Unable to talk to opposite sex
Unable to talk to people
Constantly talking to myself
Constantly looking at the distant and thinking about my problems or everyone problem with me; it sometime feels like this happens a lot

There are probably more or less but what I want to say is that there is nothing wrong with being yourself whether you are more introverted or extroverted.

Honestly I don't believe in 'verted' we have our own spectrum of identity that no one else will ever truly understand.

For myself I have for the last say 6 months been avoiding human interaction and just working to obtain the little  checklist in my mind.

It saddened me a little disappearing from the interaction of friends  but along the way of life I felt I lost myself and losing one own identity is not a great feeling.
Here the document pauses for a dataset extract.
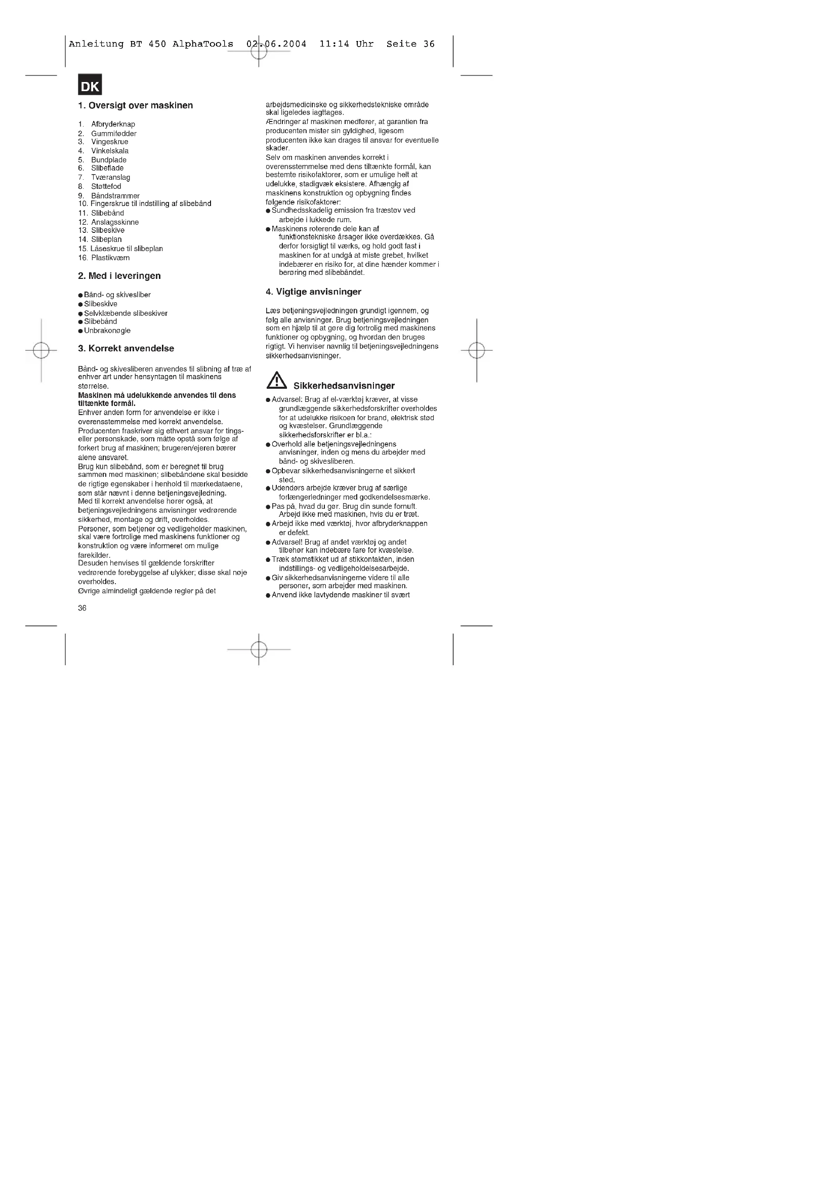 Anleitung BT 450 AlphaTools 02.06.2004 11:14 Uhr Seite 36arbejde. Brug ikke ledningen til formål, den ikke er beregnet til! Sørg for at stå godt fast og altid være i balance. Efterse maskinen for eventuelle skader! Inden maskinen tages i brug igen, skal beskyttelsesanordninger eller let beskadigede dele kontrolleres omhyggeligt for at se, om de virker, som de skal. Kontroller, at bevægelige dele fungerer fejlfrit og ikke binder, og at dele ikke er beskadigede. Samtlige dele skal være rigtigt monteret og opfylde alle betingelser for en sikker drift af maskinen. Beskadigede beskyttelsesanordninger og dele skal repareres eller skiftes ud på autoriseret værksted, med mindre andet står nævnt i betjeningsvejledningen. Beskadigede afbrydere skal skiftes ud på kundeserviceværksted. Denne maskine imødekommer kravene i gældende sikkerhedsbestemmelser. Afstanden mellem slibeskive (13) og slibeplan (14) må være højst 1,6 mm. Arbejd altid med anslagsskinne (12) eller slibeplan (14). Bemærk også de alm. sikkerhedsanvisninger i tillægget! Advarsel Læs betjeningsvejledningen, inden maskinen tages i brug Beskyt maskinen mod regn og fugt Bær handsker Brug øjenværn Bær støvværn

Feeling as through everyday had no real purpose or meaning this delusion I created for myself let me to feel down and always anxious about how I talked and acted toward people.
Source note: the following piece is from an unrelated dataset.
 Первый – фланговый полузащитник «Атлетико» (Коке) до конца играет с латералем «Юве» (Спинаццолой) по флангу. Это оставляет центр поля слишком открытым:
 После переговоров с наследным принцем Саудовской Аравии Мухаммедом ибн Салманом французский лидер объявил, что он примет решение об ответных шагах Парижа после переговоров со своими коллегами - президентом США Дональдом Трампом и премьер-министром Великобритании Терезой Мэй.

I made an executive decision to get rid of facebook because I hated just being feed other people's lives while knowing I wasn't  living my life the way I wanted to. I lost trust in myself and everyone around me and would constantly be prejudice to anyone that had an opinion of me or was trying to help me in someone way.

Before I deleted my facebook I unfriended people that I felt I hadn't kept in contact with for awhile then I unfriend everyone else on the list realising I haven't really been social on facebook for more then a year. So I ended up making the decision that I might as well delete it and I did for a while...
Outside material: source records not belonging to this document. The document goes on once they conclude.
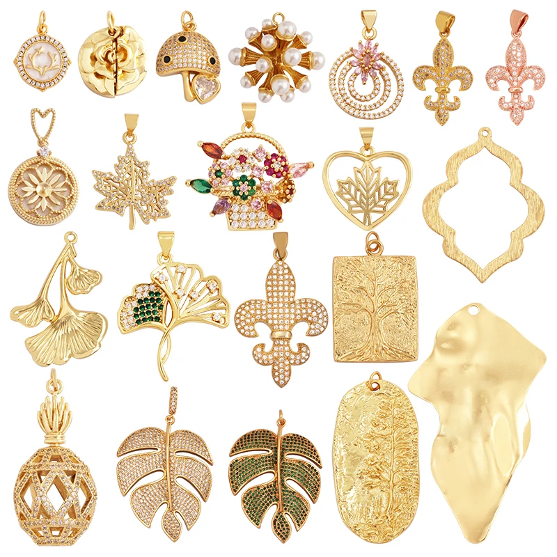 Einzigartige Rose Blume Ahornblatt Großer Baum Pflanze Charm Anhänger, 18k Gold Zirkon Sc...
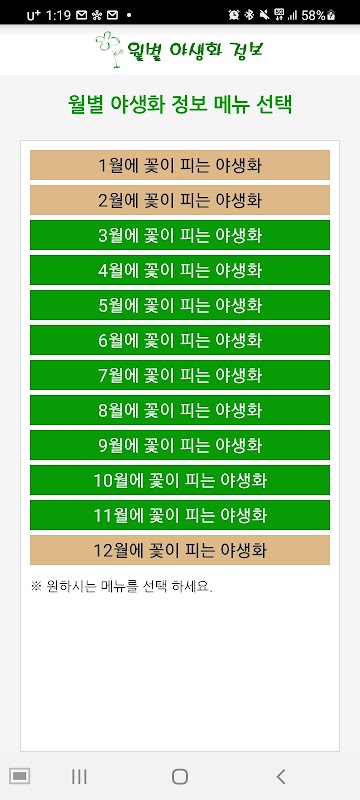 월별 야생화 정보 V2.0은 우리나라 산과 들 또는 공원에서 자라는 식물 정보들을 제공하는 앱으로, 가족들과 함께 등산 또는 야외 나들이 활동시 식물을 만났을 때 유용 합니다.
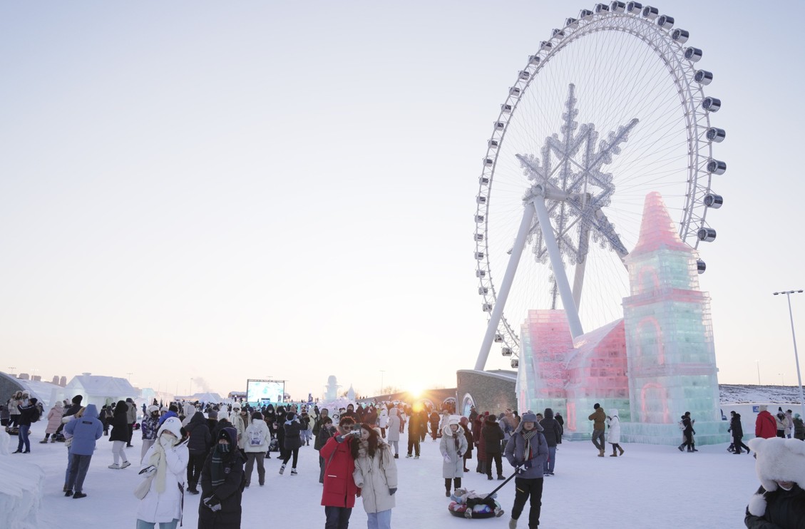 遊客在哈爾濱冰雪大世界園區內遊玩(圖片:新華社)
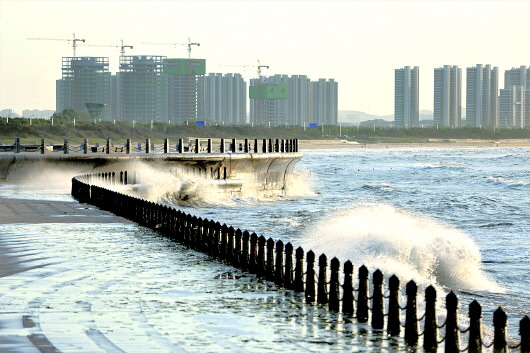 9月20日下午,烟台迎来大风天气,西海岸附近,浪花拍打到岸边激起的水汽被夕阳染成金色,让这座城市有了秋天的意境。 记者 吕奇 摄影报道
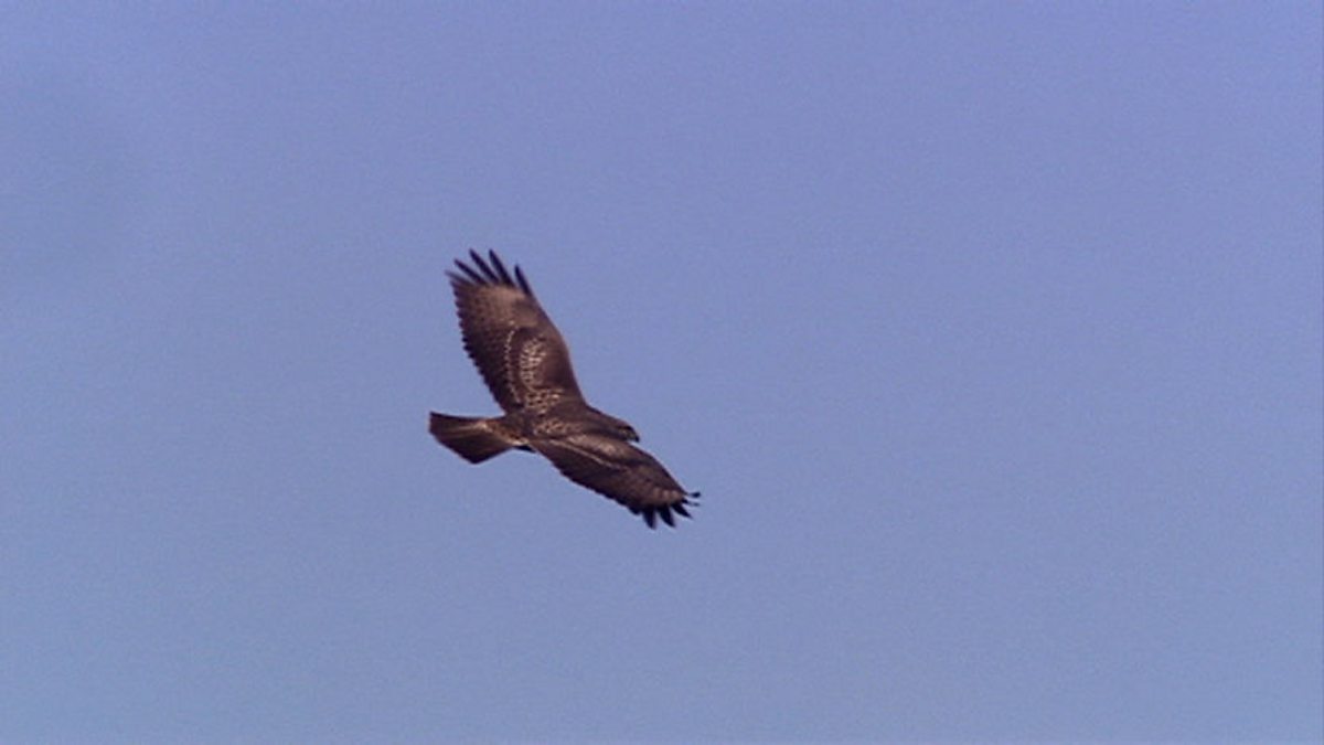Bill Oddie is near Loch Lomomd, trying to spot golden eagles. The first thing he sees is a buzzard, or tourist eagle as it's sometimes referred to here. There's an old adage bird watchers use: if you've got two species that are very similar you won't be sure until you see the real thing, but when you do you'll know. Now that is an eagle. It's a long way off but can't you sense the size of that? It's got wings longer than on a buzzard, more of a neck, more of a tail. Here's a bird with a two metre wingspan so we're talking big birds. The eagle lands on the mountainside - that's a first for Bill as he's never seen a golden eagle land. Especially not on a crag like that. I know they're called golden, but really the main head part is the golden part and you can barely pick that out at a distance. They usually look like a big, dark brown things.

And Now I am back on the social media platform a week after they announced they had security and privacy issue with that data that we freely provided them to set up our profiles hahaha.However as much as really dislike button facebook I do believe it gives people the opportunity to stay connected as well broadcast their voice to the public about social issues.

I wish I could say that taking 6 months off  the social media giant the sits dormant on my phone and unfriending over 1600 people my bad, had helped me find who I was or who I wanted to be but that just didn't  happen. I did make me realise that I enjoy my alone time when I am by myself and especially if I am with or surround by other people. I had no need to constantly keep up with 'K' of social media, the food snapper or the memes are life.

I just was me, I just did me, I didn't need to think about what people thought of me. I became the hipster beardy asian that I wanted to be.
Yeah I still got room to improve.
Yeah I still don't know how to talk to girls or people.

But I realised that maybe everyone has those similar thoughts to and that if maybe I share my stories I might actually realise that I can relate to other people.

I'm just gonna be comfortable being myself first before I delusion myself into believing what other say I am.

So what about you?

Go be awkward
Go be anxious
But most importantly go eat some food wait I mean Just Go be you who ever you are however you are.